Alexander Graf June 15, 2018, 12:42 p.m.
The fs_read() and fs_write() functions are internal interfaces that
naturally want to get pointers as arguments. Most users so far even
have pointers and explicitly cast them into integers just to be able
to pass them into the function.

Convert them over to instead take a pointer argument for the buffer.
That way any sandbox mapping gets greatly simplified and users of
the API intuitively know what to do.

Signed-off-by: Alexander Graf <agraf@suse.de>
---
 board/BuR/common/common.c             |  2 +-
 board/gdsys/p1022/controlcenterd-id.c | 10 +++++-----
 cmd/mvebu/bubt.c                      |  4 ++--
 common/splash_source.c                |  4 +++-
 drivers/bootcount/bootcount_ext.c     | 12 ++++++------
 drivers/fpga/zynqpl.c                 |  8 +++++---
 fs/fs.c                               | 20 ++++++++++----------
 include/fs.h                          | 12 ++++++------
 lib/efi_loader/efi_file.c             |  6 ++----
 9 files changed, 40 insertions(+), 38 deletions(-)

Comments

Simon Glass June 15, 2018, 2:24 p.m. | #1
Hi Alex,

On 15 June 2018 at 06:42, Alexander Graf <agraf@suse.de> wrote:
> The fs_read() and fs_write() functions are internal interfaces that
> naturally want to get pointers as arguments.
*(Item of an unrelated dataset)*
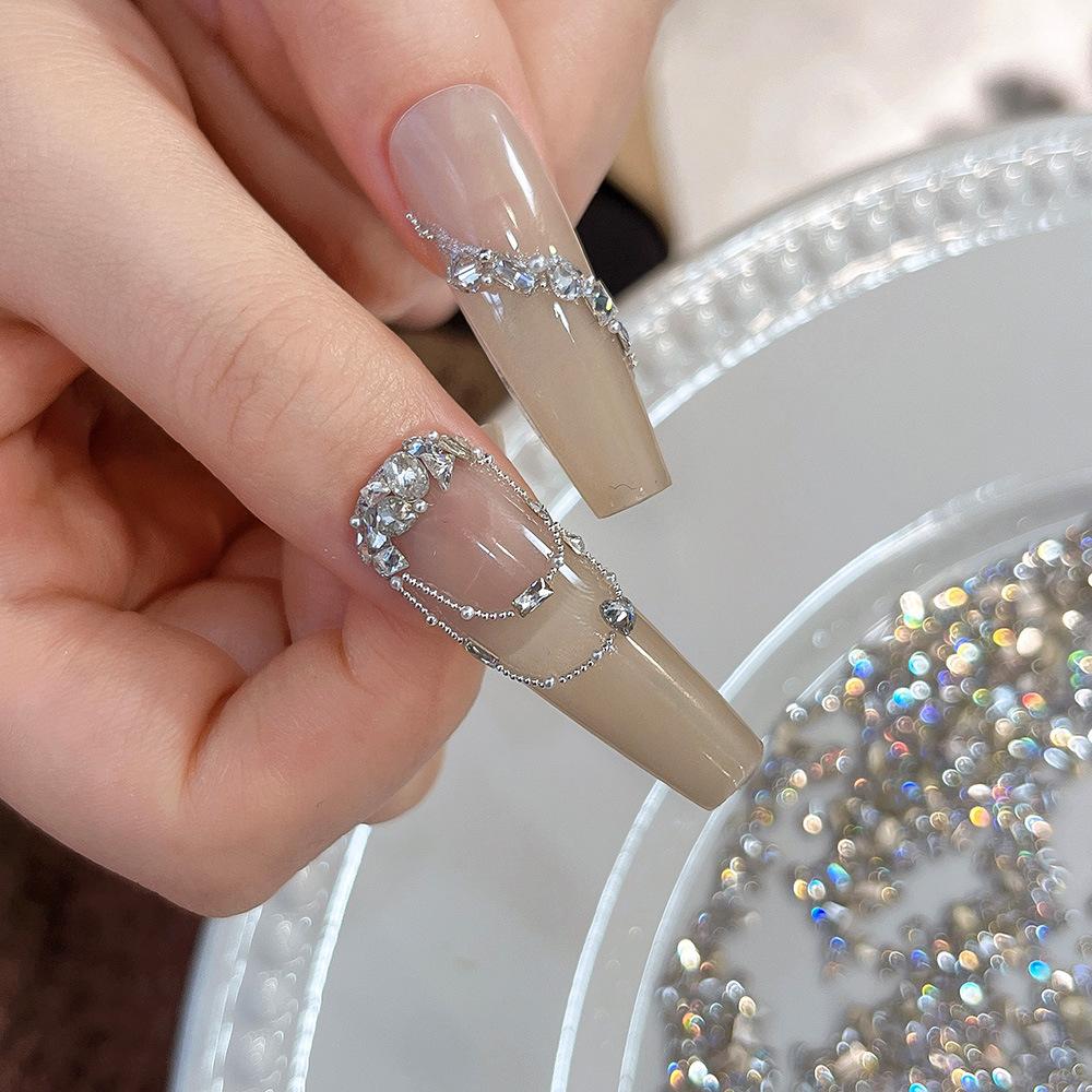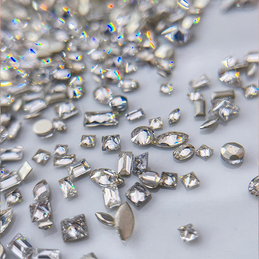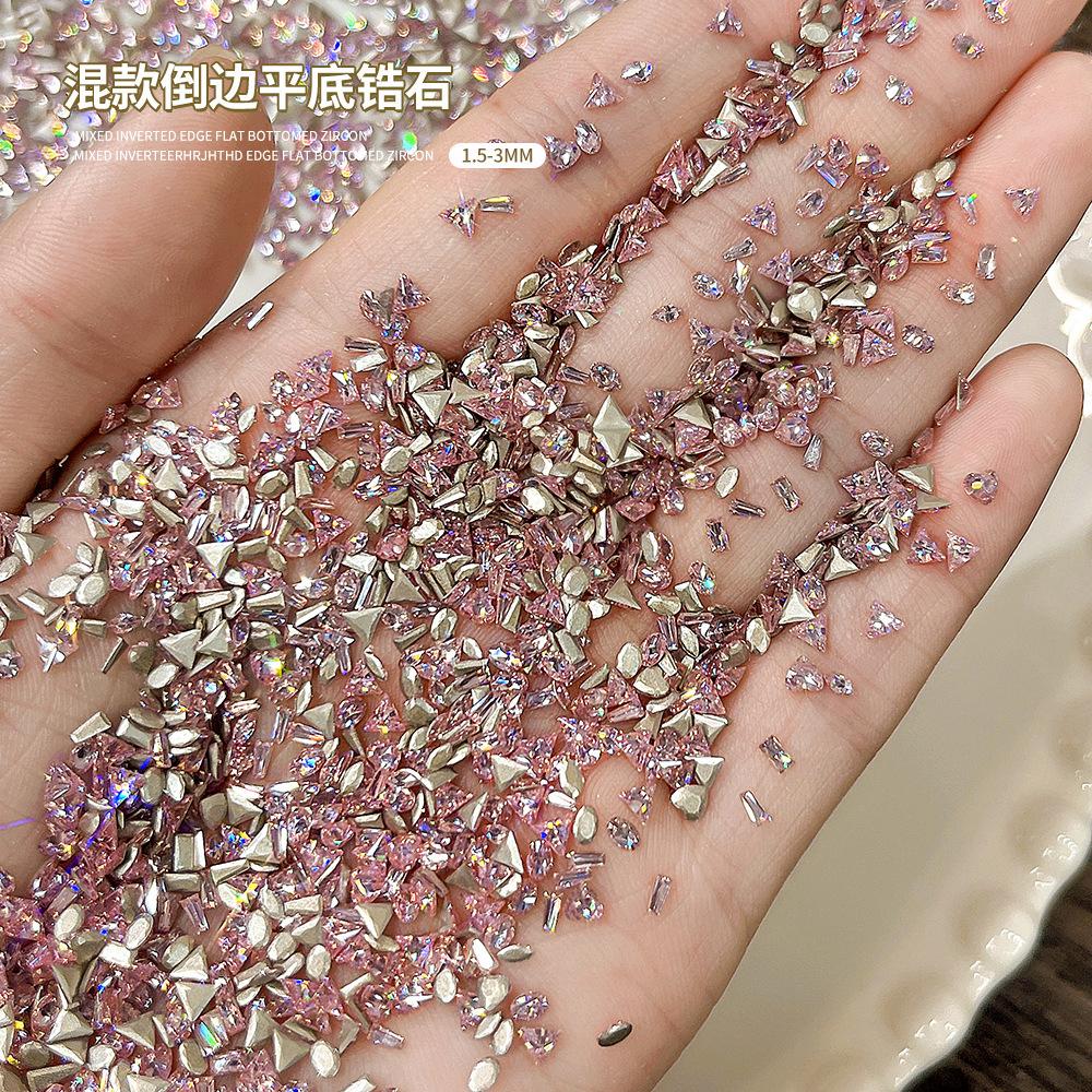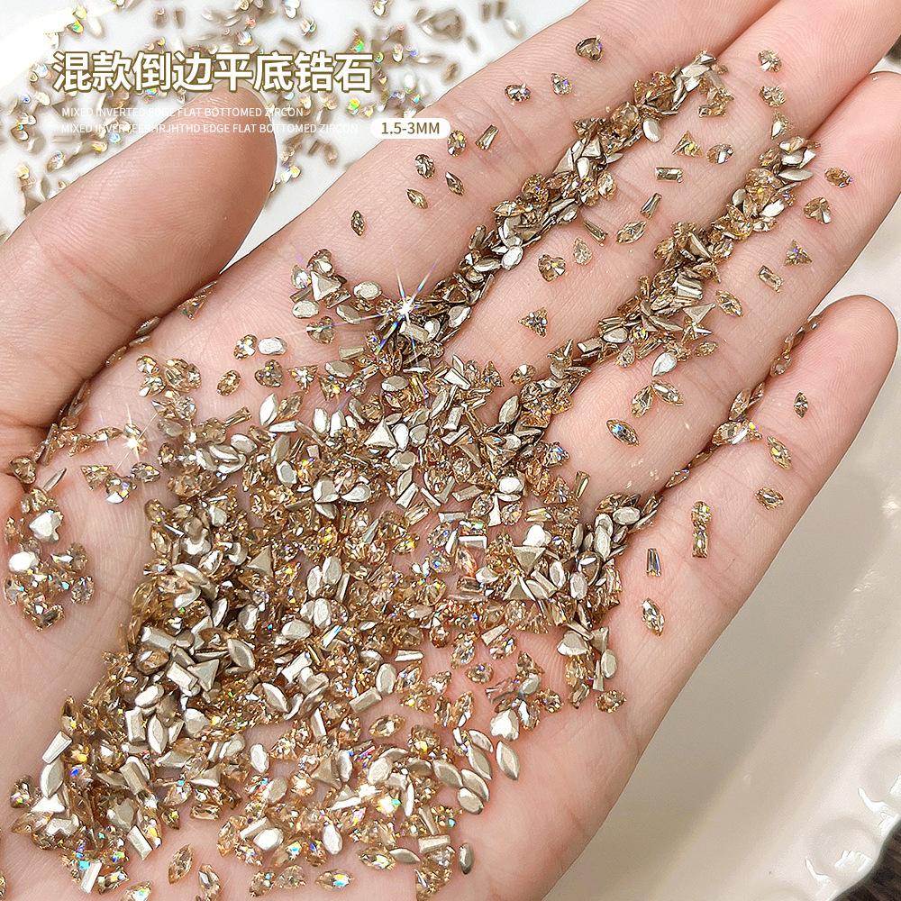 Diamantes especiales de fondo plano súper brillantes, hechos de circonita, mezclados en tamaños, varios grados más brillantes que los diamantes de vidrio ordinarios, ¡altamente recomendados por los salones de uñas!

Most users so far even
> have pointers and explicitly cast them into integers just to be able
> to pass them into the function.
>
> Convert them over to instead take a pointer argument for the buffer.
> That way any sandbox mapping gets greatly simplified and users of
> the API intuitively know what to do.
>
> Signed-off-by: Alexander Graf <agraf@suse.de>
> ---
>  board/BuR/common/common.c             |  2 +-
>  board/gdsys/p1022/controlcenterd-id.c | 10 +++++-----
>  cmd/mvebu/bubt.c                      |  4 ++--
>  common/splash_source.c                |  4 +++-
>  drivers/bootcount/bootcount_ext.c     | 12 ++++++------
>  drivers/fpga/zynqpl.c                 |  8 +++++---
>  fs/fs.c                               | 20 ++++++++++----------
>  include/fs.h                          | 12 ++++++------
>  lib/efi_loader/efi_file.c             |  6 ++----
>  9 files changed, 40 insertions(+), 38 deletions(-)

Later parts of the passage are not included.